If you want to know what impressions we give to people who have never been to Tulsa, try taking the postcard test. Postcards, though they may be a dying industry, are what visitors to Tulsa use to show people back home what it's like here. With every cell phone today also being a camera, it's actually hard to find postcards. It took a good part of an afternoon to finally find a drug store that had them.
There were seven post cards to choose from. Here's how we are presented: a buffalo, a hay bale, a sunset, the Golden Driller, a map of Indian Country, Route 66 relics, and the skyline. It should be the mission of every Tulsan to buy every post card you find and destroy them and beg the vendor not to reorder. Not that these aren't images of historical pride, but what's the singular message they send to represent our unique place in the country?
The city of Tulsa's most recent citizen survey asked over 1,800 households three questions regarding branding the city of Tulsa. What do you like most about Tulsa? What distinguishes Tulsa from other cities? When someone says "tell me about Tulsa," what do you say? There were at least 20 different responses to each of these questions. They were all good and all over the lot.
Some cities have no problem defining themselves with a brand. Others struggle because of a fundamental misunderstanding what branding a city really means. Writer Scott Doyon has observed that talk of "creating a brand" suggests a blank slate or a point of ground zero where we begin the process of establishing who we are. But cities are living organisms, with a legacy of past behaviors and no shortage of current realities, which means, like it or not, we already have a brand and we can't run away from our DNA. Rather, we define our authenticity and embrace it.
American's oldest city, St. Augustine, Fla. kicked off their branding initiative in 1715 by petitioning the king of Spain for a coat of arms. What the king produced captured St. Augustine's essence: strength, a Christian safe haven, nobility, and serenity.

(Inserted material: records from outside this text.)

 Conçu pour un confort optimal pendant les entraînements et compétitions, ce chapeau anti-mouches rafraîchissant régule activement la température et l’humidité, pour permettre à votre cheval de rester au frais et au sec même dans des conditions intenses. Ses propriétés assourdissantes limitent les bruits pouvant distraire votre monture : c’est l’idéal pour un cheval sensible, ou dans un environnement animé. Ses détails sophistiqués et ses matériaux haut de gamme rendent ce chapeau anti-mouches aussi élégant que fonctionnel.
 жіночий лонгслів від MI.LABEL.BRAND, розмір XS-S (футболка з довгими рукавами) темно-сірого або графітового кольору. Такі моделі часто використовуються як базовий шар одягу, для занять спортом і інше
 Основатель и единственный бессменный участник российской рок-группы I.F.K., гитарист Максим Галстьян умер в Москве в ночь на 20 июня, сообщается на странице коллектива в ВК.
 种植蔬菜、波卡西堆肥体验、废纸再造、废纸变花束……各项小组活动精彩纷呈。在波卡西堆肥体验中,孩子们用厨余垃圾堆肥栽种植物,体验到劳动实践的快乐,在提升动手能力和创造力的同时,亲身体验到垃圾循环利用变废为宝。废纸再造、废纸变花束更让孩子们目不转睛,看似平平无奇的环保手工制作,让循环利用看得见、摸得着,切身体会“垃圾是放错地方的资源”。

What would be Tulsa's coat of arms today?
Perhaps we should embark on a citywide contest to see what the citizens would produce that captures our unique history and essence. After all, Tulsa, like all cities, has a story to tell.

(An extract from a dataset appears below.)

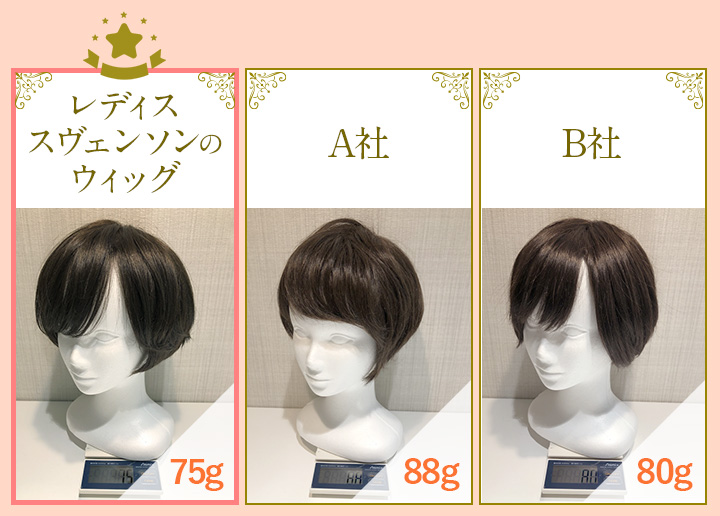 | レディススヴェンソン | A社のウィッグ | B社のウィッグ | |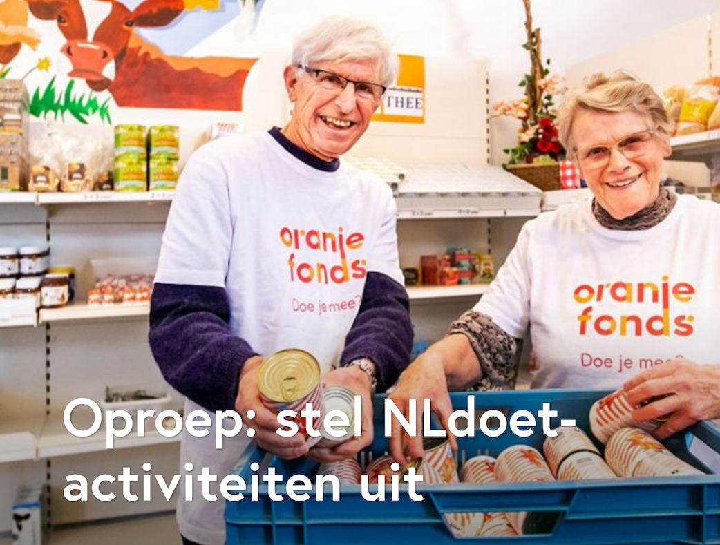 Het Oranjefonds heeft vanwege het coronavirus een verregaande mededeling: "Wij roepen deelnemende organisaties aan NLdoet op hun activiteiten uit te stellen. Vanwege de ontwikkelingen rondom het coronavirus vinden we het niet verantwoord om de geplande activiteiten dit weekend door te laten gaan. “Met pijn in ons hart geven we dit advies. NLdoet is immers een feest van sociale verbinding. Maar er is niks belangrijker dan gezondheid”, zegt waarnemend directeur Marc van Hal.

Because Tulsa already has an organic brand waiting to be mined, it doesn't matter how many chamber of commerce meetings you attend or focus groups you have or PR firms you interview.
It means it has to start with the hard work of building community consensus, defining goals, and then a demonstrated commitment through meaningful action. As Mayor Bartlett agreed, the challenge is to take such a long, diverse, and rich history of Tulsa and boil it down to a brand that most would agree with.

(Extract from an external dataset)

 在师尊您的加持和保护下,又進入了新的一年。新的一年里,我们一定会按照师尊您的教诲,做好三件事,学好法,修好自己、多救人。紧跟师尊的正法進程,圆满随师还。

Historically, we have tried on a variety of brands. Over the years we have been the Oil Capital of the World, America's Most Beautiful City, Home of Western Swing, Birthplace of Route 66, and America's Most Livable Large City. More recently we seem to have reduced the big picture brand for smaller pieces described by districts: Brookside, Blue Dome, Brady, Utica, and Cherry Street.
We also have used our cultural and entertainment amenities to promote our brand. Our most popular images are the Performing Arts Center, the BOK Center, the Brady Arts District, world class museums, the Oklahoma Jazz Hall of Fame, Cain's Ballroom, and casinos.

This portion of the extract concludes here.